Kubernetes scheduling is about finding the right node for a Pod. One of the most powerful mechanisms for controlling placement is Taints and Tolerations.

• Taint: Applied to a Node. It says "Do not schedule anything here unless it has a matching toleration."
• Toleration: Applied to a Pod. It says "I can tolerate this taint -- I am allowed to schedule on nodes that have it."

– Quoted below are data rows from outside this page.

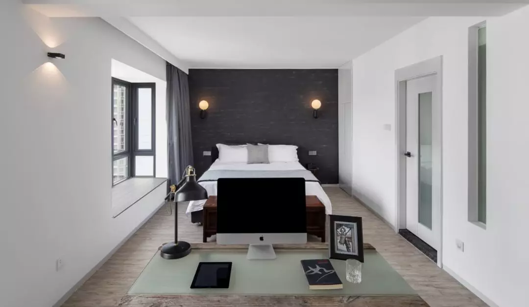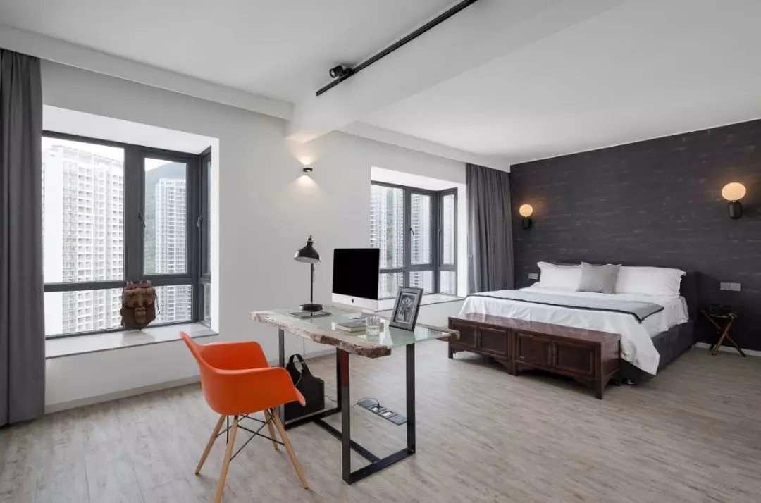三房改造兩房,讓空間利用得更加清逸自如。臥室同樣承襲了LOFT工業(yè)風(fēng)精簡、藝術(shù)的基因,感覺像是被雕刻著用刻刀剔除所有的不必要,簡約的天花,消除建筑建構(gòu)給人的壓迫感。
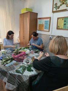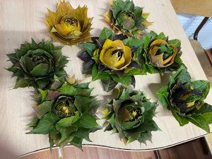 Осенние листья — роскошный природный материал для украшения интерьера, оформления праздничного стола и декора подарков. Творческая мастерская ДШИ занималась изготовлением цветов из листьев. После того, как они высохнут, будут составлены композиции с добавлением сухоцветов.
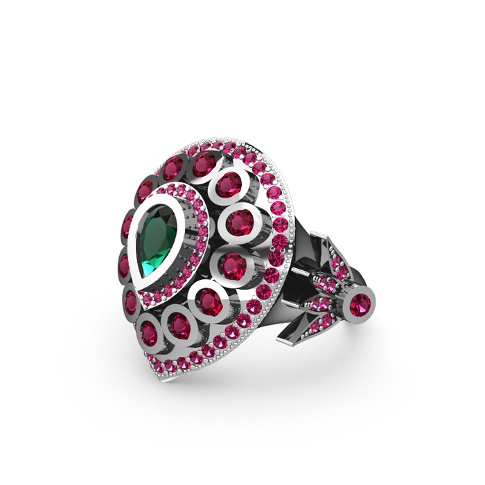 Yeşil kuvars ve rodolit garnet 8 ayar beyaz altın yüzük
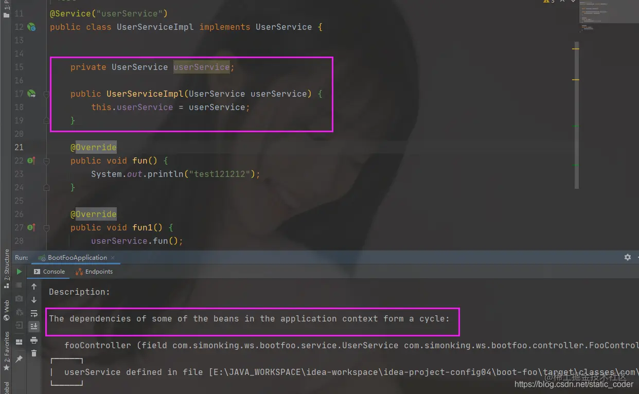 但是如果使用构造函数注入的话,就是是死循环,如图:

Think of taints as a "No Entry" sign on a node's door, and tolerations as the key that lets specific pods through. Critically, having the key does not force you through the door -- it simply allows it. The scheduler still considers resources, affinity rules, and other constraints before making a final decision.

Interactive Scheduling

Try scheduling different types of Pods and see where they land.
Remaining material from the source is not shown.